Other Legislative and Regulatory Initiatives
The payment card sector also faces continuing scrutiny in connection
with the fees merchants pay to accept cards and terms of merchant
rules and contracts. Regulators and legislators outside the U.S. have
focused on the way bankcard network members collectively set the
“interchange” (that is, the fee paid by the bankcard merchant acquirer
to the card issuer in “four-party” payment networks, like Visa and
MasterCard). Although, unlike the Visa and MasterCard networks, the
American Express “three-party” payment network does not have
interchange fees or collectively set any fees, antitrust actions and
government regulation relating to merchant pricing or terms of
merchant rules and contracts could affect all networks.
In January 2012, the European Commission (the Commission)
published a Green Paper (a document to begin a process of
consultation toward potential regulation) covering a range of issues
affecting the payments industry. The Commission completed the
consultation process and on July 24, 2013, issued its
recommendations, which included draft legislation now under
consideration within the European Parliament. The Commission’s
recommendations included a number of proposals that would likely
have significant impact across the industry and would apply either in
whole or in part to American Express. The proposed changes include:
Price caps — The Commission proposed capping interchange fees at
20 basis points for debit and prepaid cards and 30 basis points for
credit and charge cards. Although American Express does not have
interchange fees like four-party networks such as Visa and
MasterCard have, the caps would be deemed to apply to elements of
the financial arrangements agreed between American Express and
each GNS partner in the European Union (the EU). The discount
rates American Express agrees with merchants would not be
capped, but the interchange caps could exert downward pressures
on merchant fees across the industry, including American Express
discount rates. The Commission would exclude commercial card
transactions generally from the scope of these caps.
Network rules on card acceptance — The Commission proposed to
prohibit honor-all-cards and anti-steering rules across all card
networks. In addition, the draft proposals sought harmonization of
surcharging rules so that, across the EU, transactions that are
subject to the interchange caps may not be surcharged, but
transactions falling outside the scope of the caps could be
surcharged up to cost.
Network licensing — The Commission proposed to require all
networks, including three-party payment networks that operate
with licensing arrangements, which would include the Company’s
GNS business, to establish objective, proportionate and non-
discriminatory criteria under which a financial institution could
qualify to be licensed to operate on the network. In addition, the
scope of network licenses would be required to cover the entire EU.

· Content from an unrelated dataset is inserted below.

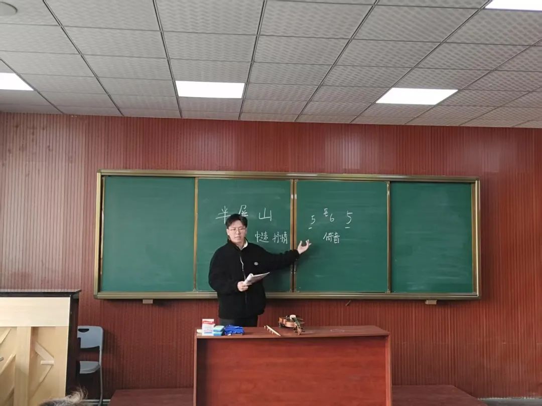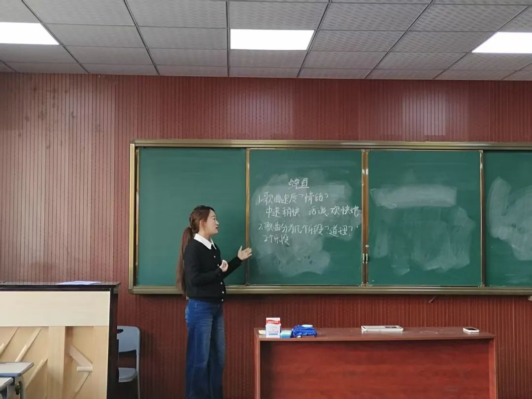 本次大赛严格对标《山东省师范类高校员工从业技能大赛》标准,选题聚焦现行人音版中学音乐教材核心章节,要求选手在10分钟内完成模拟授课、板书设计及弹唱技能展示。评委组从“教学设计创新性”“课堂互动实效性”“思政融合自然度”“教学语言感染力”等维度进行综合评价,并针对每位选手的试讲表现提出个性化建议。

These requirements are inconsistent with the flexibility and
discretion that American Express has had to date in deciding when,
where and with whom to grant a license in the GNS business.
Separation of network processing — The Commission proposed to
require card networks to separate their network processing
functions (in which transactions between different issuers and
acquirers are processed for authorization, clearing and settlement).
This proposal does not apply to three-party payment networks, such
as American Express, but may be deemed applicable in situations
where a different GNS issuer and acquirer is involved in a
transaction, which represent a very small percentage of transactions
on the American Express network. Further clarification of the
applicability of this requirement is needed where, as with GNS,
licensing arrangements do not give rise to inter-bank transactions
or relationships.
These proposals are currently subject to debate and amendment by
the European Parliament and Council in a complex legislative process
that will also involve the EC. It is too early to assess the exact scope
and impact of any final legislation.
In certain countries, such as Australia, and in certain member
states in the EU, merchants are permitted by law to surcharge card
purchases. While surcharging continues to be actively considered in
certain jurisdictions, the benefits to customers have not been apparent
in countries that have allowed it, and in some cases regulators are
addressing concerns about excessive surcharging by merchants.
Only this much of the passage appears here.